We have moved with speed when it comes to widespread testing and contact tracing, scaling up our capacity and increasing regular testing in the community. We have one of the highest rates of tests per positive case in the world, ahead of Taiwan, Australia, Singapore, US, UK, and Canada. In the week following the latest outbreak, we carried out 136,710 tests. We have also more than doubled lab testing capacity from 10,000 tests to 25,000, and are consistently achieving the gold standard of more than 80% of contacts traced within 48 hours. Our Public Health Units are now all using the National Contact Tracing system. PHUs can trace up to 350 cases per day (up from less than 50) and the NCCS can make up to 20,000 calls a day. We are continuously looking at ways we can improve our testing, including the use of waste water test and spit testing.

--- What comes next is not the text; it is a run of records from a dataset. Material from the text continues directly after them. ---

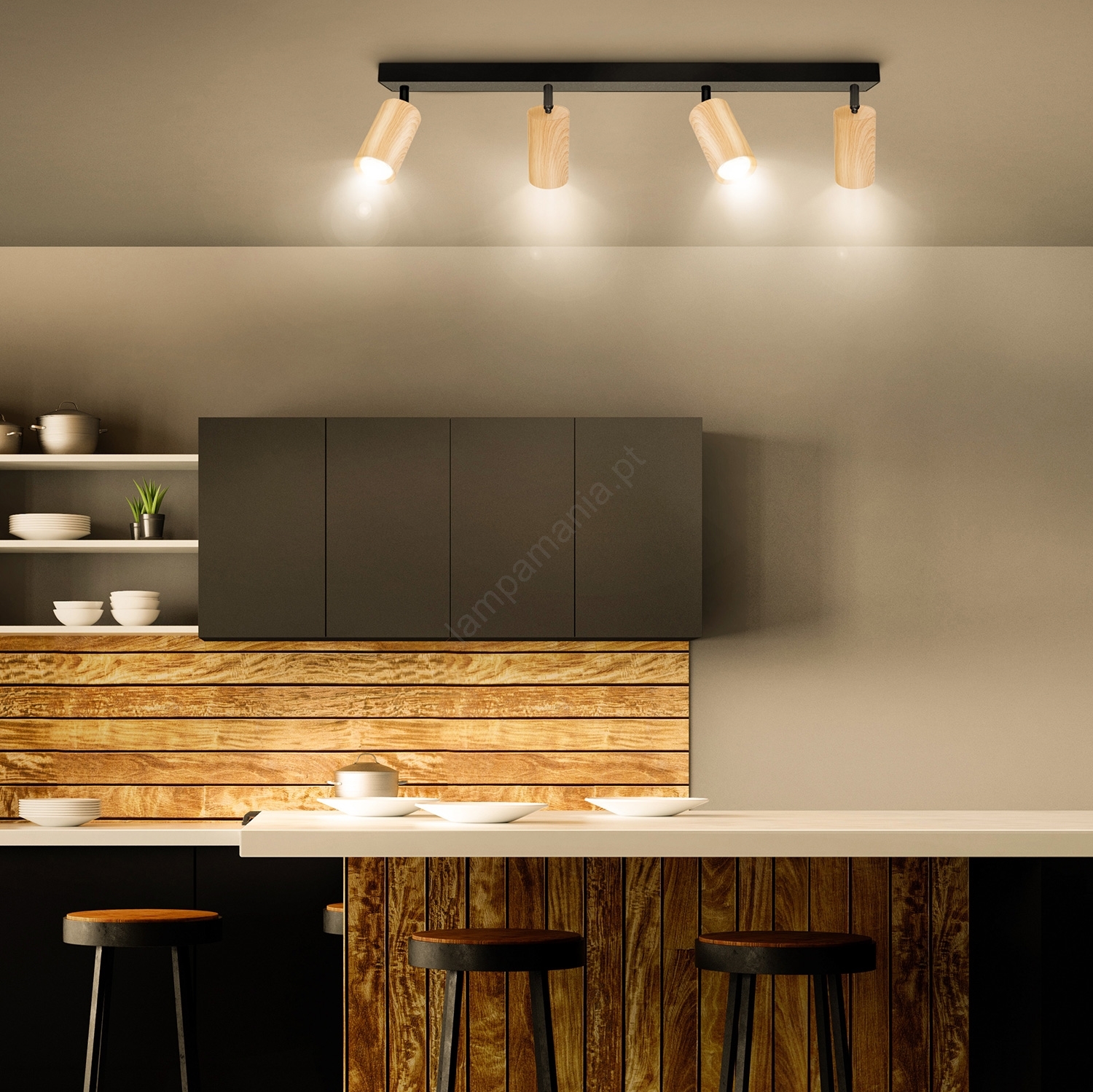 • Brilagi - Foco SELE 4xGU10/30W/230V preto/decoração em carvalho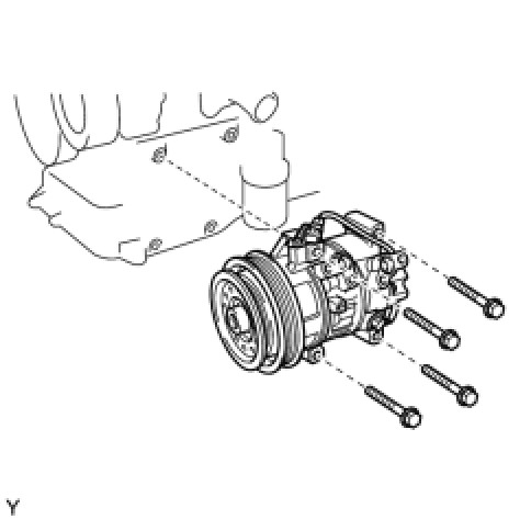 (b) Remove the 4 bolts and compressor.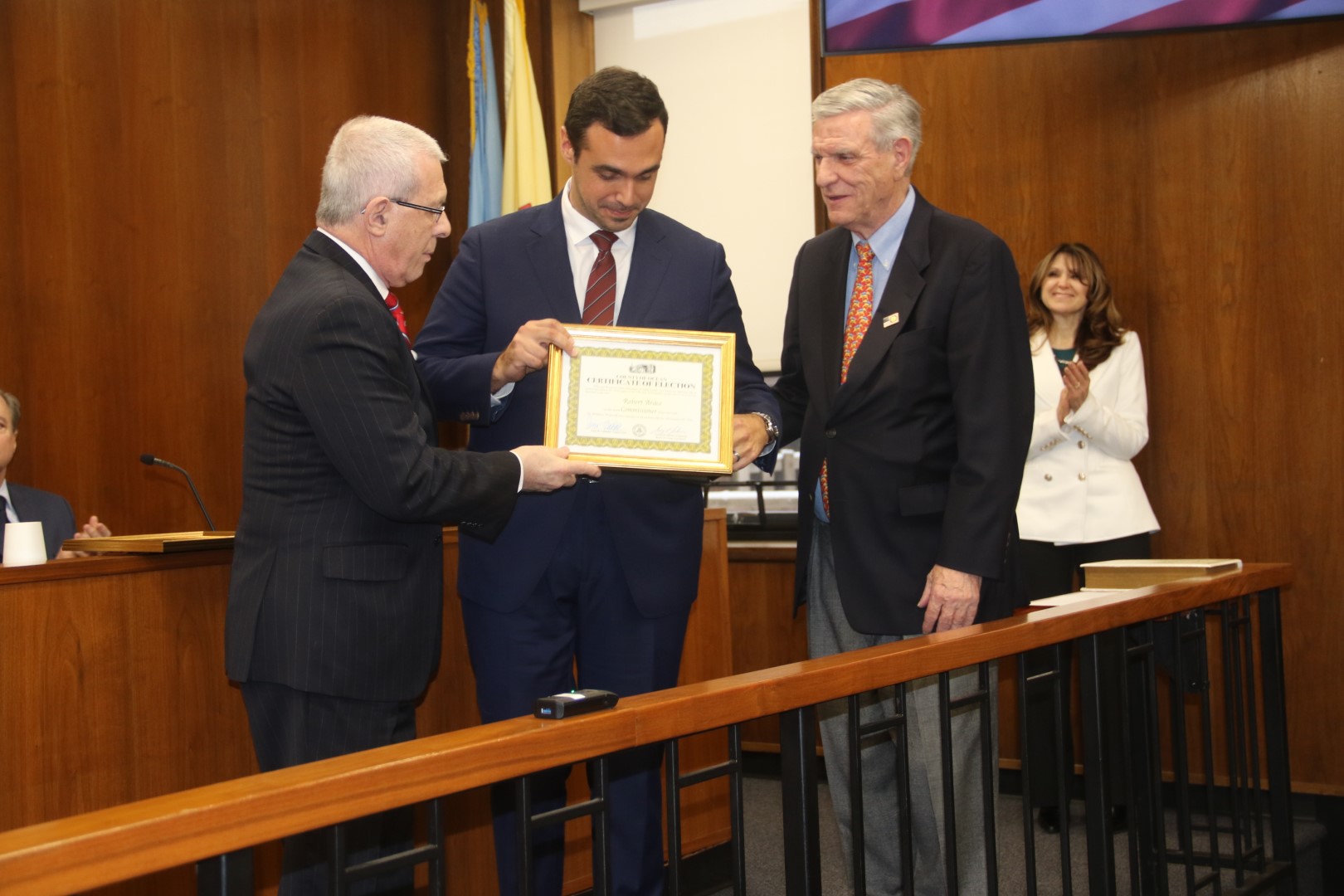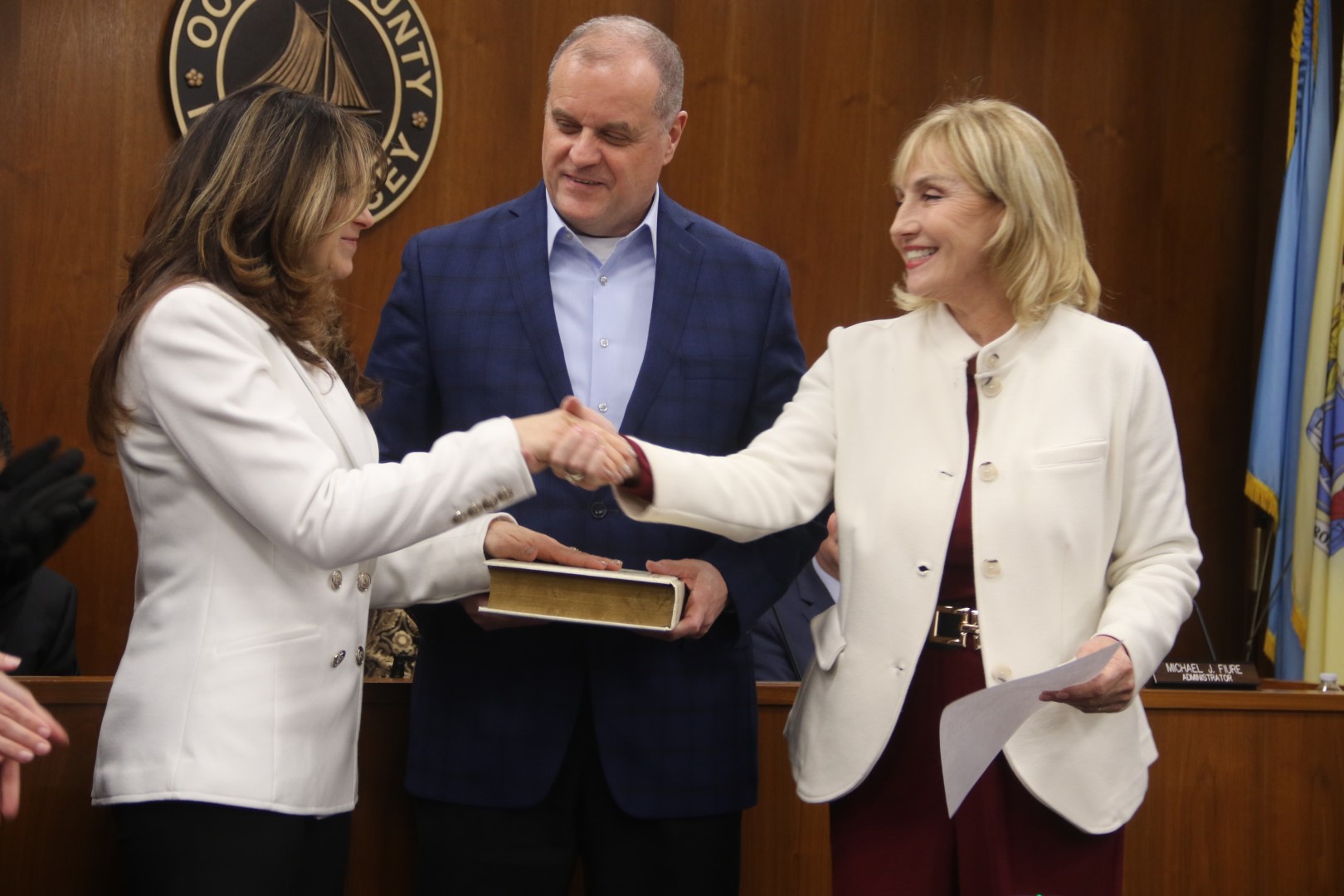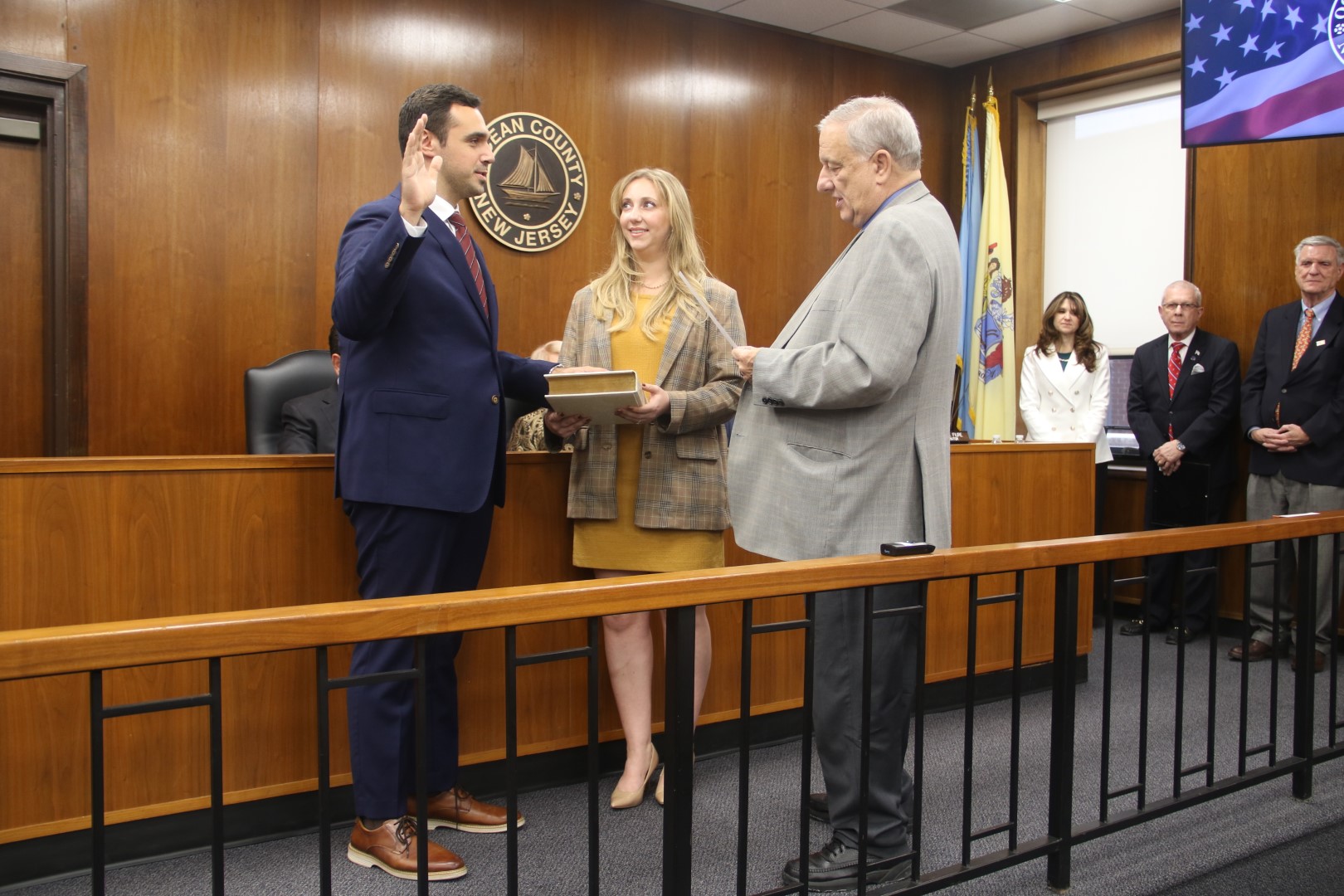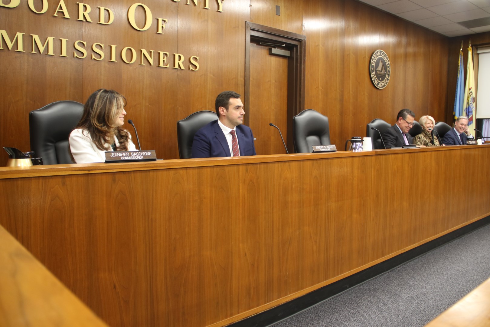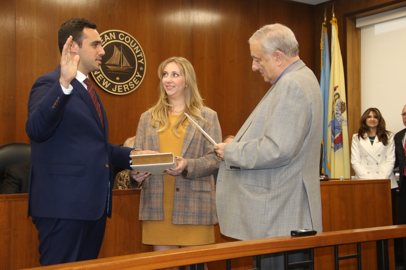 With family, friends, colleagues, staff, elected officials from the state and local levels in attendance, the Ocean County Board of Commissioners held its annual Organization Meeting for 2025 on Jan. 6 in the Ocean County Administration Building, Toms River. The Board welcomed new Commissioners Robert S. Arace and Jennifier Bacchione who were sworn into their first three-year terms on the Board. Also during the meeting, Ocean County Commissioner John P. Kelly, who is serving his 33rd year on the Board was appointed Board Director for 2025 and Ocean County Commissioner Frank Sadeghi, serving his second year of his first term, was named Board Deputy Director.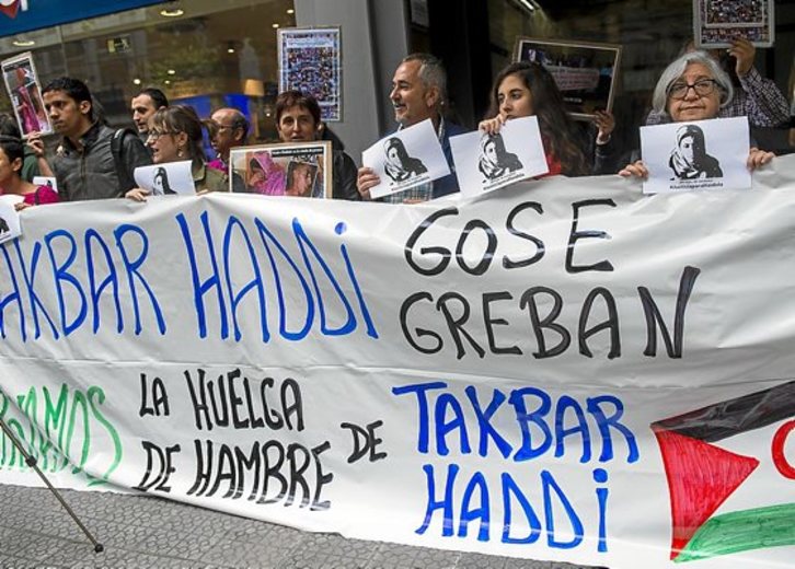 Varias organizaciones y partidos, junto a la comunidad saharaui de Bilbo, comenzaron ayer en una jaima instalada en la plaza Moyua un ayuno de 24 horas en solidaridad con la saharaui Takbar Haddi, que lleva más de un mes en huelga de hambre ante el consulado de Marruecos en Las Palmas de Gran Canaria para denunciar «el asesinato a manos de los médicos, la Policía y las autoridades marroquíes» de su hijo, Mohamed Lamin Haidala, y exigir la entrega de sus restos.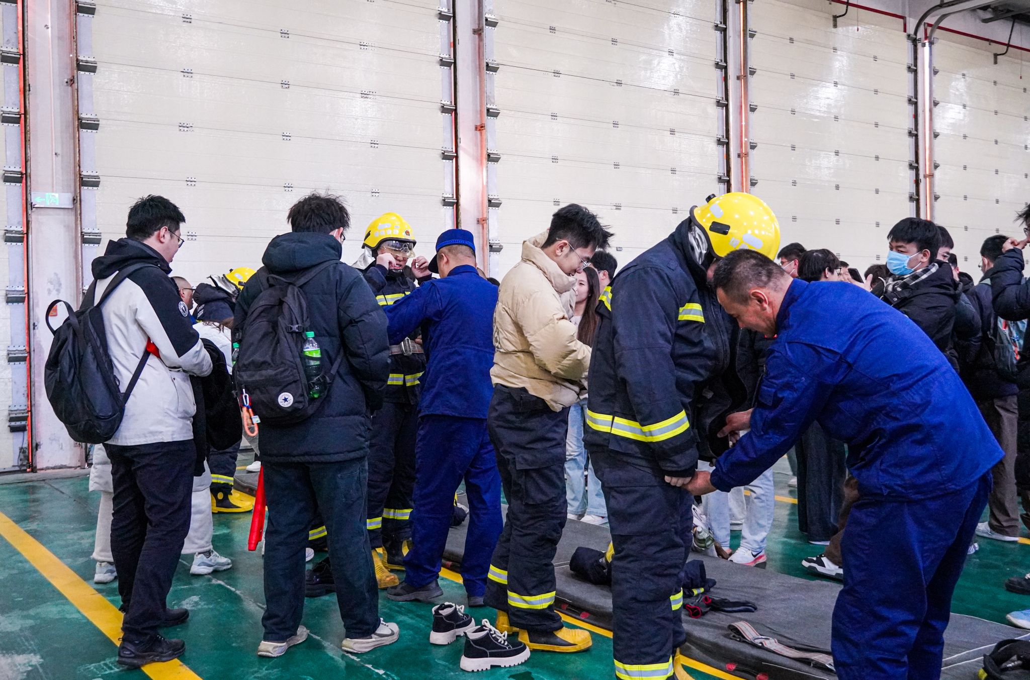 活动首站抵达汾阳市吕安危险化学品应急救援基地。在基地专业人员的引导与讲解下,师生们首先观摩了火场救援演示与无人灭火车灭火实操演示。逼真的场景、规范的流程,让大家对消防救援工作的专业性与危险性有了直观深刻的认识。随后,在室内培训环节,专业的消防救援知识讲解进一步丰富了师生们的安全理论储备。学生代表们还踊跃参与了灭火防护服穿戴体验及日常训练模拟,切身感受了消防员肩负的责任与艰辛。

We’ve also ramped up testing at the border. In the week to 17 September we tested 450 MIQ staff, 1,100 MIF staff, 1,067 Auckland airport staff and 148 Port of Auckland and Tauranga staff. In total from 14 August – 13 September we carried out 6,468 tests at Auckland Airport and 4,186 at the Ports of Auckland and Tauranga.

Our ongoing health response is eliminating the spread of COVID-19 and keeping New Zealanders safe. While these are uncertain times, New Zealanders can feel confident that we have a plan, and it’s working. We’ve proven that our team of five million can overcome this virus: we did it before, and we’re doing it again.